The advantage of model fine-tuning lies in embedding the function calling logic directly within the model. This simplifies the end-user experience, as they need not concern themselves with implementation intricacies; they simply provide the required arguments, and the LLM provider handles the rest.
However, this approach has several drawbacks. First, it requires additional data and time to fine-tune the model and adapting it to a new input or output schema necessitates retraining. Second, it's provider specific - the prompt cannot be easily ported to other LLMs.2 This makes it a solution more suited for LLM providers rather than end-users seeking to build applications atop LLMs.
The solutions in the subsequent sections might be viewed as complementary to this approach, offering additional user-side validation.

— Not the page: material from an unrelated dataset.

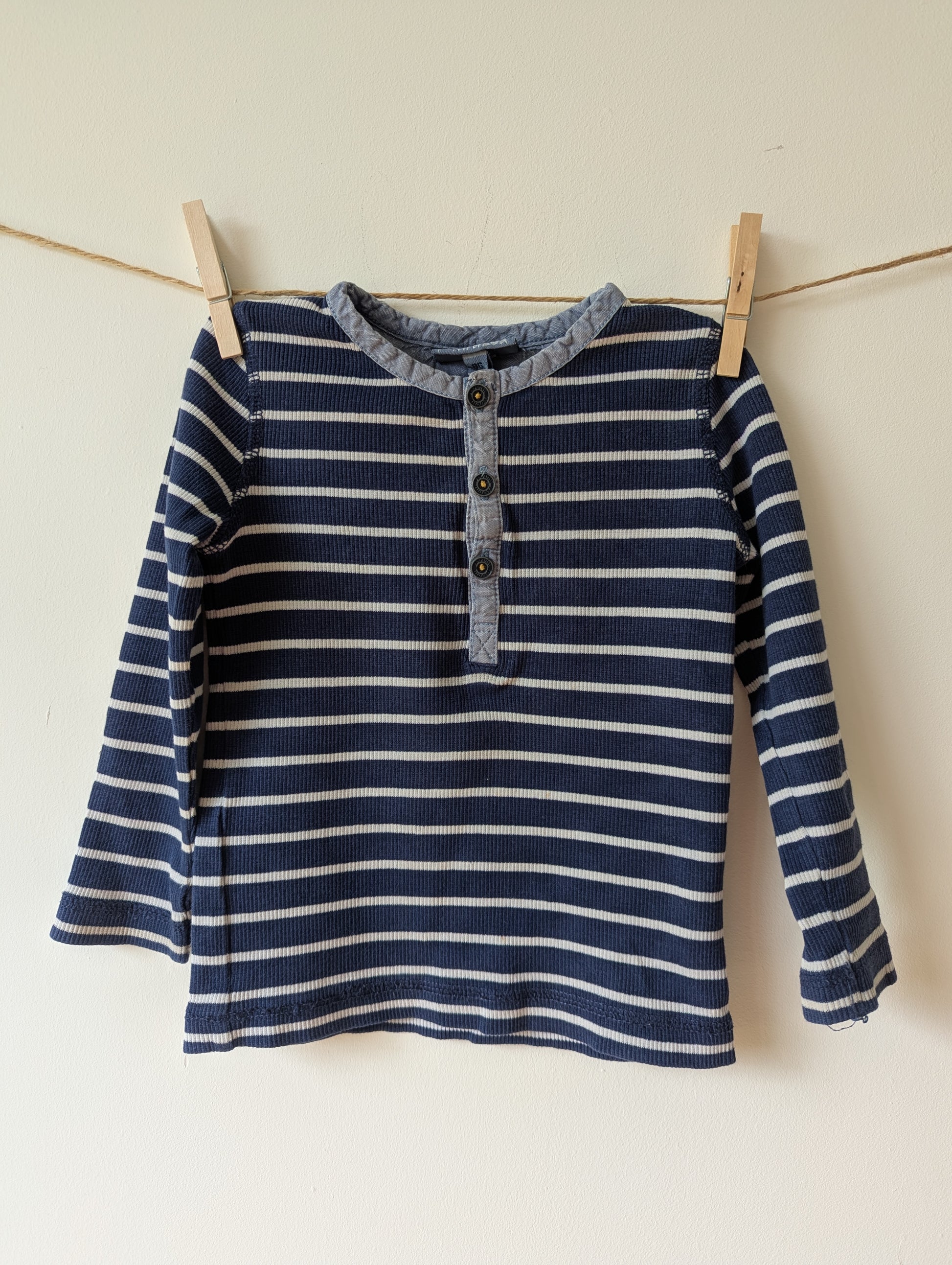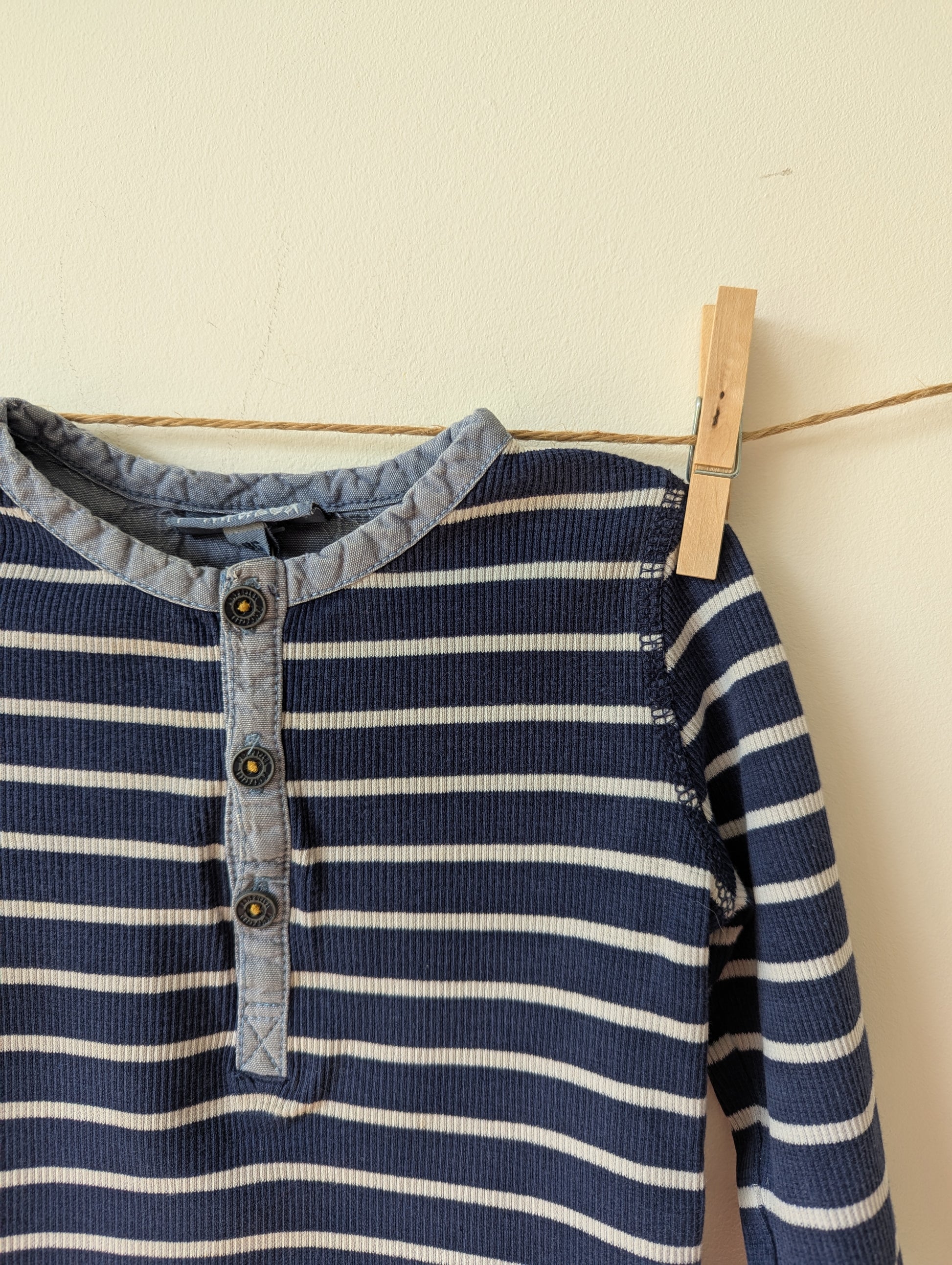Gestreept shirt marineblauw met witte strepen kraagje van denimstof

Domain Specific Language Modelling
Instead of introducing and training the model on a specific prompt structure, a potential method to address the limitations of LLMs involves providing control at the input prompt level. There are two main approaches to this:
-
A lower-level approach that operates at the token generation level and constrains the output to match a specific format. This is the approach taken by parserLLM (context-free grammar) and llama.cpp's GBNF (GGML Bakus-Naur Form) grammar. With a specified grammar, the generating process from an LLM can be precisely constrained to match JSON or other schemas of interest.3 This way, it solves the problem of generating the correct schema. However, this requires underlying access to the model itself and is more applicable to local models.
-
A higher-level approach that operates at the prompt level and allows the user to specify the desired output format. This is the approach taken by LMQL, Microsoft's Guidance and Outlines. All three projects introduce a domain specific language (DSL) that allows a user to interweave programming logic that constrains a model output or additional validation logic to the prompt itself.4
Both can work in combination - the control over the generating process for accurate schema generation, with validations provided by these higher-level libraries.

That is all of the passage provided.